When a sound card is in the graph it is usually selected as the reference clock. Other filters, including the video renderer, use it to determine when to show their samples. Using the system clock in parallel is not a good idea; you should use the same reference clock to be in sync.
If you know the real length of your audio samples, and you're sure you don't lose any of them (for example, you use TCP, not UDP) then just assigning sequential 120 ms time intervals is a good solution. Taking timestamps from the system clock when a sample arrives from network is a bad idea because it will introduce random time shifts caused by the network behavior - you never really know how long will it take for a network packet to come.

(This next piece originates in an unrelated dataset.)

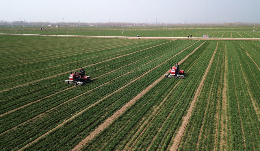 ??山東省汶上縣,農(nóng)民駕駛農(nóng)機(jī)在高標(biāo)準(zhǔn)農(nóng)田里進(jìn)行小麥春季管護(hù)作業(yè)(2024年3月13日攝,無人機(jī)照片)。新華社記者 徐速繪 攝
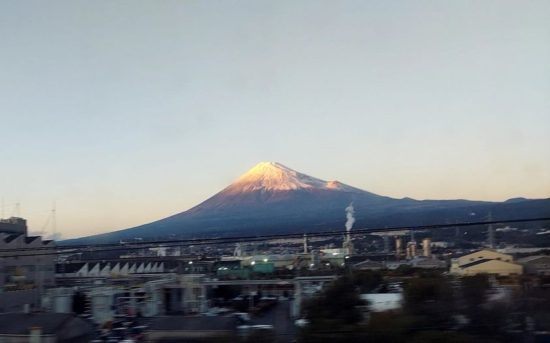 新幹線から見た富士山は、冠雪した山頂が夕日で赤く染まってきれいでした。寒気が来る直前の暖かい陽気の日に綺麗な富士山を遠くに眺めることができました。

If you have two filters and want to see how their timing is different you can install GraphEditPlus, insert a sample grabber before/after your filters, right click it and select "watch grabbed samples". It will show all the timestamps and other information. Also, you can right click the graph window and choose "see event log". It can also help.

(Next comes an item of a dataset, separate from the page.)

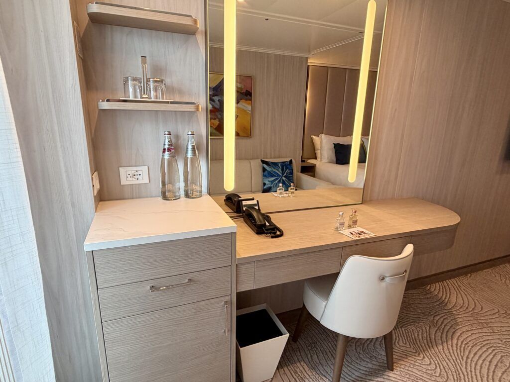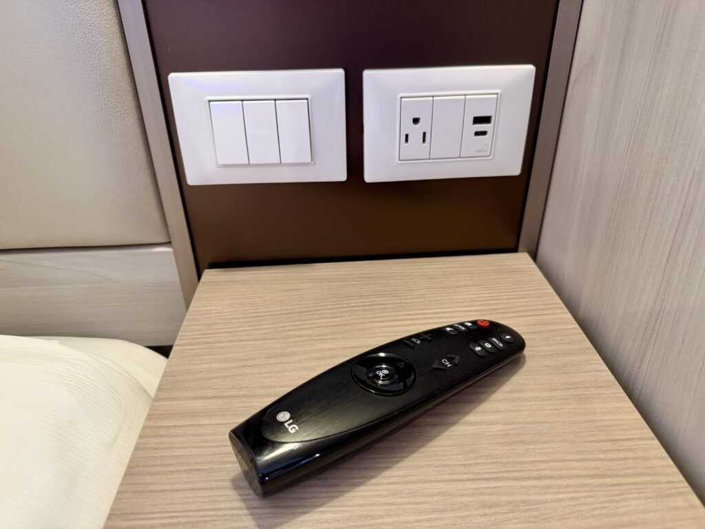 There are small nightstands on each side of the bed for some additional storage, along with one USB, one USB-C, and one US outlet on each side. Across from the bed is the television. We appreciated the outlets near the bed for charging our phones at night—one thing many cruise ships still lack.

要了解图表中的哪个时钟被用作参考时钟,并查看该时钟相对于本地 CPU 时钟的漂移(通过 QueryPerformanceCounter),请查看 DirectShow 过滤器ShowClk.ax。
To understand which clock in a graph is being used as the reference clock and to see the drift of this clock relative the local CPU clock (via QueryPerformanceCounter), check out the DirectShow filter ShowClk.ax.